Nocturnal eczema: Review of sleep and circadian rhythms in children with atopic dermatitis and future research directions

Atopic dermatitis (AD) is characterized by intense nocturnal pruritis, which can severely impact sleep continuity and quality. Sixty percent of children with AD experience sleep disturbance due to their condition, with 83% reporting disturbance during exacerbations. Sleep deprivation has been shown to alter immune function. In the case of school-aged children, it can impair linear growth, and in fact short stature has been described in children with AD only when associated with insufficient sleep. Fishbein et al review our current understanding of the role of sleep and circadian rhythms in nocturnal AD, current treatments, and future research directions (J Allergy Clin Immunol 2015; 136: 1170-1177).

Despite the widespread prevalence of sleep dysfunction in children with AD, the mechanisms that lead to it are not well understood. Nighttime factors such as cortisol nadir, increased skin temperature, and poor barrier function may contribute to noctural AD exacerbations, as may circadian variation in the expression of inflammatory cytokines such as IL-2, IL-6, and the pruritus-specific TH2 cytokine IL-31. In addition, children with AD can have comorbidities including increased susceptibility to infection; heightened sensitivity to sensory stimulation; and restless leg syndrome, defined as an urge at night and prior to sleep to move the legs.

Treatment of pediatric AD should focus on disease control with sleep disturbance as an important measure. Topical steroids can improve sleep disturbance, as can wet wrap therapy.
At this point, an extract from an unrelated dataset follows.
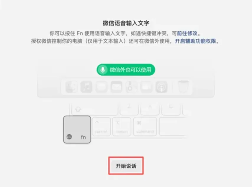 快捷键冲突别慌:打开「微信 > 设置 > 快捷键」,自定义专属语音输入快捷键,再也不怕和其他软件撞车 微信外使用授权:Mac 端需开启辅助功能权限,Windows 端直接调用,登录微信就能用,无需额外设置 精准转写超省心:支持普通话、方言甚至中英文混合转写,还能自动优化语气词、智能标点断句,写会议记录、长文档直接一步到位!
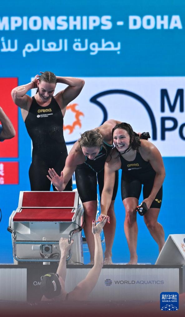 当日,2024年世界游泳锦标赛游泳项目女子4X100米自由泳接力决赛在卡塔尔多哈举行。

Antihistamines are often first line therapy but there is limited data to support this practice and future research is necessary. Actigraphy has been demonstrated to provide an accurate assessment of sleep in children, and standardized scoring parameters do not currently exist. Children with AD need a standardized, patient-centered outcome tool that could assess their sleep impairment, correlated with objective sleep measures. Given that approximately 10% of genes are under circadian control, future exploration of circadian biomarkers would open possibilities for a novel treatment paradigm as well.

Genetic errors of the human caspase recruitment domain-B-cell lymphoma 10–mucosa-associated lymphoid tissue lymphoma-translocation gene 1 (CBM) complex: Molecular, immunologic, and clinical heterogeneity

The CBM complex consists of three components: a capase recruitment domain (CARD) protein, B-cell lymphoma 10 (BCL10), and mucosa-associated lymphoid tissue lymphoma-translocation gene 1 (MALT1). For the first component, the complex uses one of three CARD family adaptors: CARD9, CARD10, or CARD11. These three proteins activate nuclear factor κB (NF- κB) in both innate and adaptive human immunity, and NF- κB plays a critical role in immune regulation, cell memory, cell survival/apoptosis, and cell-cycle progression. Much remains to be learned about the CBM complex, and inherited defects have been recently reported. Pérez de Diego et al discuss (J Allergy Clin Immunol 2015; 136: 1139-1149).

The authors summarize the reports on four patients with MALT1 deficiency, one patient with BCL10 deficiency, and two patients with autosomal recessive (AR) CARD11 deficiency. Most of these patients carried homozygous mutations with low levels of protein expression, and the broad range of clinical presentations included serious conditions of the skin and of the respiratory and gastrointestinal tracts, infection, and growth retardation. Thirty-eight patients were reported with AR CARD9 deficiency following its initial description in 2009, making it the most common genetic disorder of the CBM complex. All of these 38 patients were highly susceptible to various fungal diseases. Finally, mutations in MALT1, BCL10, and CARD11 have been found in patients with MALT lymphoma and other lymphoproliferative disorders.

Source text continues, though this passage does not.